On this point, the 5th Circuit failed to require such proof. It limited Fisher to show only that "whether [the university's] decision to reintroduce race as a factor in admissions was made in good faith," according to the ruling.

On remand, the appellate court must determine whether the school "has offered sufficient evidence that would prove that its admissions program is narrowly tailored to obtain the educational benefits of diversity," Kennedy added.

Justice Elena Kagan did not participate in the court's consideration of the case.

Kennedy was joined by Chief Justice John Roberts and Justices Antonin Scalia, Clarence Thomas, Stephen Breyer, Samuel Alito and Sonia Sotomayor.

Scalia meanwhile used a brief concurring opinion to note his belief that "state-provided education" is not an area exempt from the constitutional prohibition of government discrimination on the basis of race.

Though the justice had voiced this opinion in a partially dissenting opinion to Grutter, Fisher did not ask the court to overrule Grutter so Scalia joined the majority in full.

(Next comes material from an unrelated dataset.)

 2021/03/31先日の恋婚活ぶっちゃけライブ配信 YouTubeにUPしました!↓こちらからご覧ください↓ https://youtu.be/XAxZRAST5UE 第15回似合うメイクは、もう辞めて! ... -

Justice Thomas likewise said he would have overruled Grutter if that issue had been before the court.

"The worst forms of racial discrimination in this nation have always been accompanied by straight-faced representations that discrimination helped minorities," Thomas wrote.

"The university's professed good intentions can­not excuse its outright racial discrimination any more than such intentions justified the now denounced argu­ments of slaveholders and segregationists," he added.

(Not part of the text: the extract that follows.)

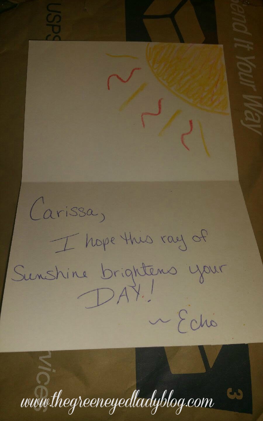 I wanted to THANK YOU so much for the sunshine you sent my way! I really needed this, my heart has been pretty heavy with everything going on in the world…so I really needed this!

In a lone dissent, Justice Ruth Bader Ginsburg said the court should have affirmed dismissal.

"I have several times explained why government actors, including state universities, need not be blind to the lin­gering effects of 'an overtly discriminatory past,' the legacy of 'centuries of law-sanctioned inequality,'" Ginsburg wrote. "Among constitutionally permissible options, I remain convinced, 'those that candidly disclose their consideration of race [are] preferable to those that conceal it.'

"Accordingly, I would not return this case for a second look. As the thorough opinions below show, the university's admis­sions policy flexibly considers race only as a 'factor of a factor of a factor of a factor' in the calculus, followed a yearlong review through which the university reached the reasonable, good-faith judgment that suppos­edly race-neutral initiatives were insufficient to achieve, in appropriate measure, the educational benefits of student­ body diversity, and is subject to periodic review to ensure that the consideration of race remains necessary and proper to achieve the university's educational objectives."

Insisting that the 5th Circuit already assessed the tailoring issue, Ginsburg said the court should have affirmed.